REQUIRED WORK. In your reply, repeat the full listing exactly and leave each picture out.

INPUT DATA.
'''

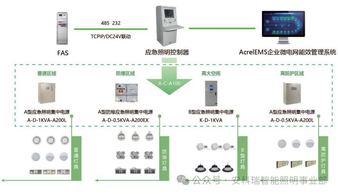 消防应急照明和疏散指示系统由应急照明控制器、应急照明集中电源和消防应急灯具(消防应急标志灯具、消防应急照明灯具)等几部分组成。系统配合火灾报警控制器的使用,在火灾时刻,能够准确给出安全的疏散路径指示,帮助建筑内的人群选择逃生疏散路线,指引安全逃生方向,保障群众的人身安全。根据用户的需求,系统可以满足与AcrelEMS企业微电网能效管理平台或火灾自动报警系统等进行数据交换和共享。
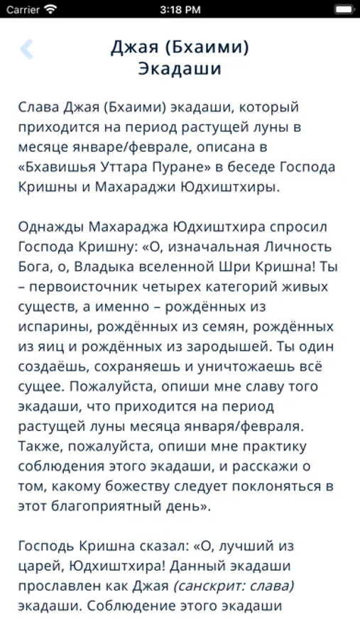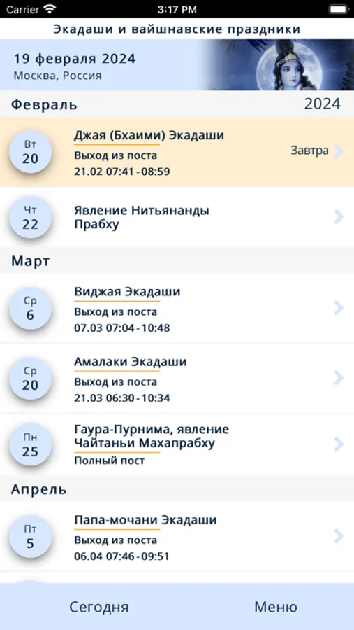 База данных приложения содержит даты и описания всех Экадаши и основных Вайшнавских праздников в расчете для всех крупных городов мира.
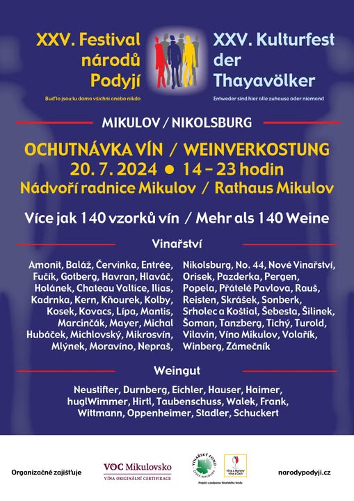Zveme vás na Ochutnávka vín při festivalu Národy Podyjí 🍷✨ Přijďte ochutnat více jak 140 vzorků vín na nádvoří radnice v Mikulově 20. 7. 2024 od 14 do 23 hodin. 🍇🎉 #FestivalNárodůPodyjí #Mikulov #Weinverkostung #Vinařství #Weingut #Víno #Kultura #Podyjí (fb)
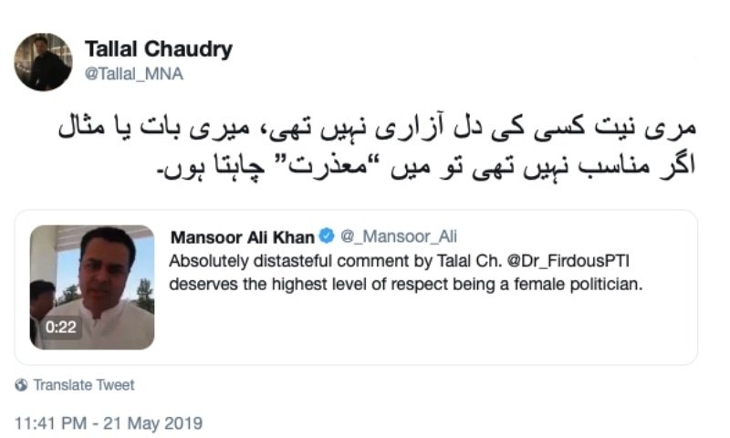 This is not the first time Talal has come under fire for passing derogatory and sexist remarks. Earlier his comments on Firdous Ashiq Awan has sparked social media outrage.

'''

RESULT BELOW.
 消防应急照明和疏散指示系统由应急照明控制器、应急照明集中电源和消防应急灯具(消防应急标志灯具、消防应急照明灯具)等几部分组成。系统配合火灾报警控制器的使用,在火灾时刻,能够准确给出安全的疏散路径指示,帮助建筑内的人群选择逃生疏散路线,指引安全逃生方向,保障群众的人身安全。根据用户的需求,系统可以满足与AcrelEMS企业微电网能效管理平台或火灾自动报警系统等进行数据交换和共享。
 База данных приложения содержит даты и описания всех Экадаши и основных Вайшнавских праздников в расчете для всех крупных городов мира.
Zveme vás na Ochutnávka vín při festivalu Národy Podyjí 🍷✨ Přijďte ochutnat více jak 140 vzorků vín na nádvoří radnice v Mikulově 20. 7. 2024 od 14 do 23 hodin. 🍇🎉 #FestivalNárodůPodyjí #Mikulov #Weinverkostung #Vinařství #Weingut #Víno #Kultura #Podyjí (fb)
 This is not the first time Talal has come under fire for passing derogatory and sexist remarks. Earlier his comments on Firdous Ashiq Awan has sparked social media outrage.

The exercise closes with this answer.